Perfluoropolyether
Perfluoropolyethers (PFPEs) are a class of organofluorine compound. Some types are synthetic liquid lubricants that have been used in the aerospace industry for over 30 years.[1] The main properties of PFPE are being temperature resistant between −58 °C (215 K) and 257 °C (530 K) (depending on specific composites), having very low outgassing compared to other fluids (vapour pressure of 6×10−8 Torr) and having a dielectric strength of around 15.7 MV/m.[2]
Perfluoropolyethers consists of a polymer chain in which monomers consisting of perfluoro-alkyl groups are joined by ether linkages.
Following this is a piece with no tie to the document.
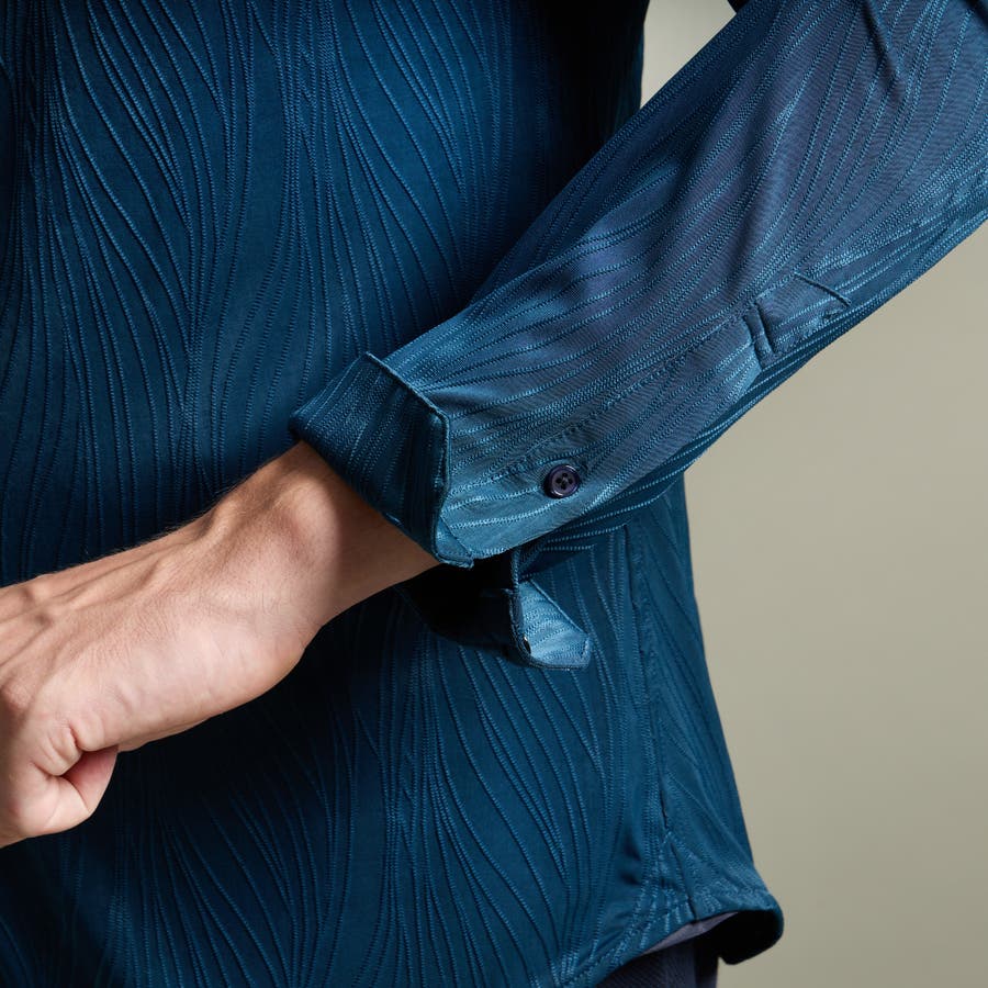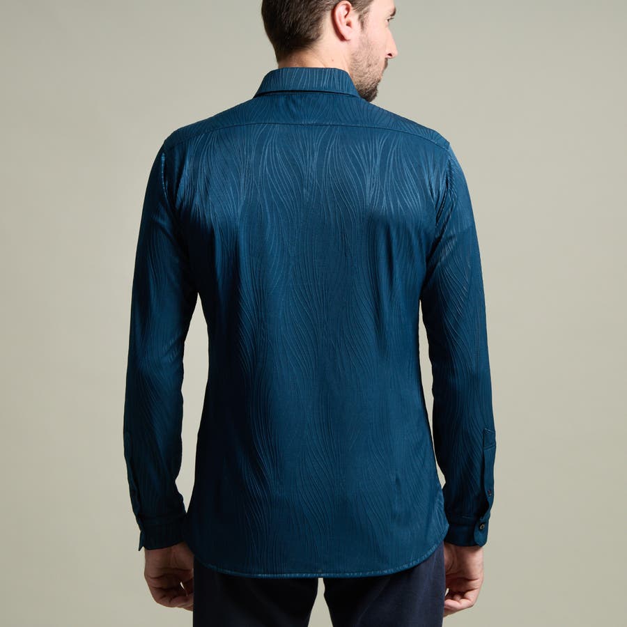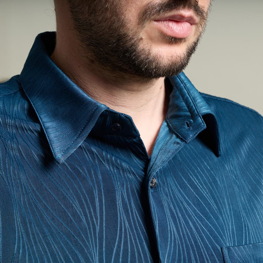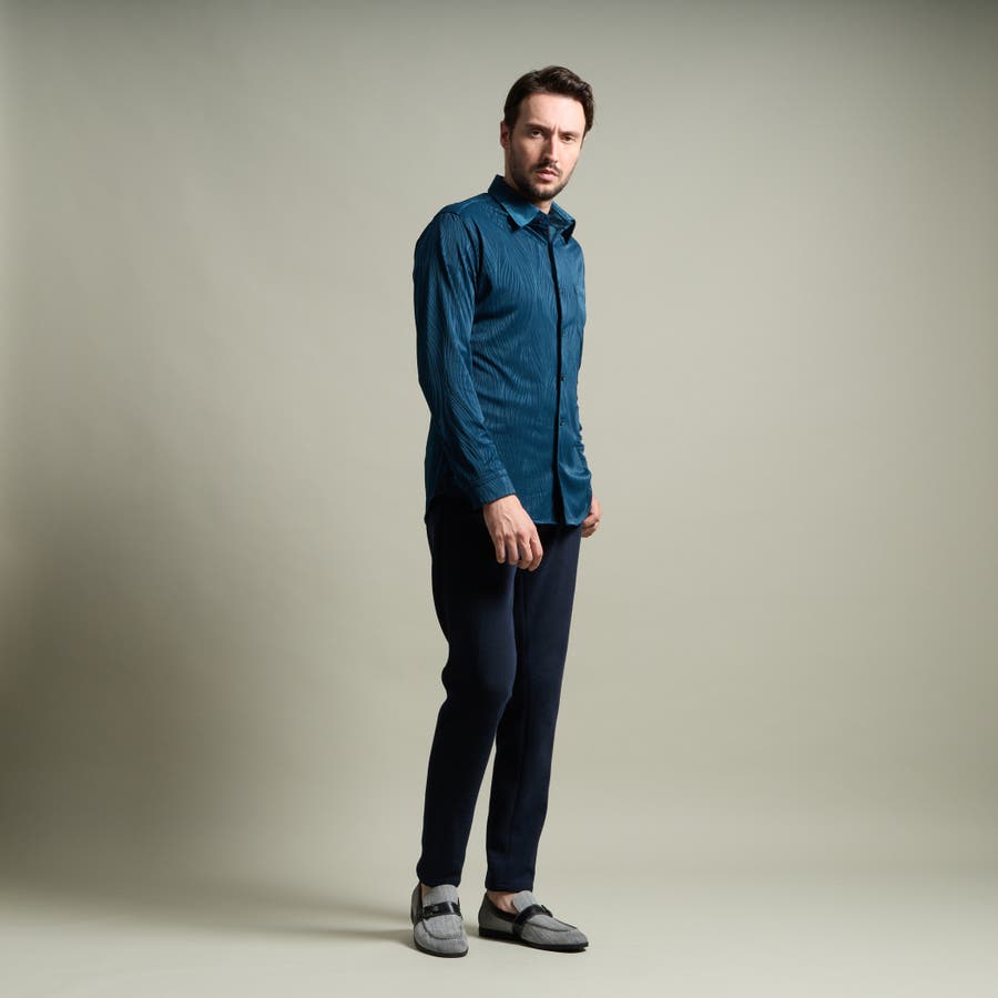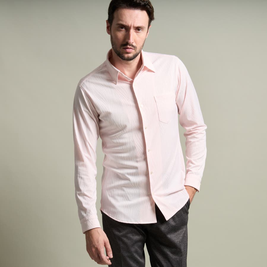 衿先にワイヤ-を仕込んだレギュラーカラ-シャツ。

The bonds between carbon and oxygen or fluorine are strong.[3] Perfluoropolyethers are a type of PFAS.[4]
The thermal and chemical stability of PFPEs along with a vapor–liquid equilibrium of 230 °C when mixed with the right composites make it a suitable candidate for vapor phase soldering technologies.[5]
History
[edit]Perfluoropolyethers were developed in the early 1960s for the USAF, who needed a lubricant that would not react with liquid or gaseous oxygen (O2).[6]
Manufacture
[edit]Each type of perfluoropolyether is synthesized differently: PFPE-K is obtained from HFPO by anionic polymerization. For PFPE-Y and PFBE-Z, photooxidation of hexafluoropropylene and tetrafluoroethylene, respectively, is applied. PFPE-D is synthesized by anionic ring-opening polymerization of 2,2,3,3-tetrafluorooxetane. PFPE-A is obtained by an initial esterification of polyethylene glycol with a perfluoroacyl fluoride. Then, it is converted into a fully fluorined polymer using direct fluorination.[3][7]
- PFPE-K
- PFPE-Y
- PFPE-Z
- PFPE-D
- PFPE-A
Properties
[edit]PFPEs are chemically inert to many acids and oxidants (like fuming sulfuric acid (oleum, SO3), chlorine gas, oxygen) and solvents, etc.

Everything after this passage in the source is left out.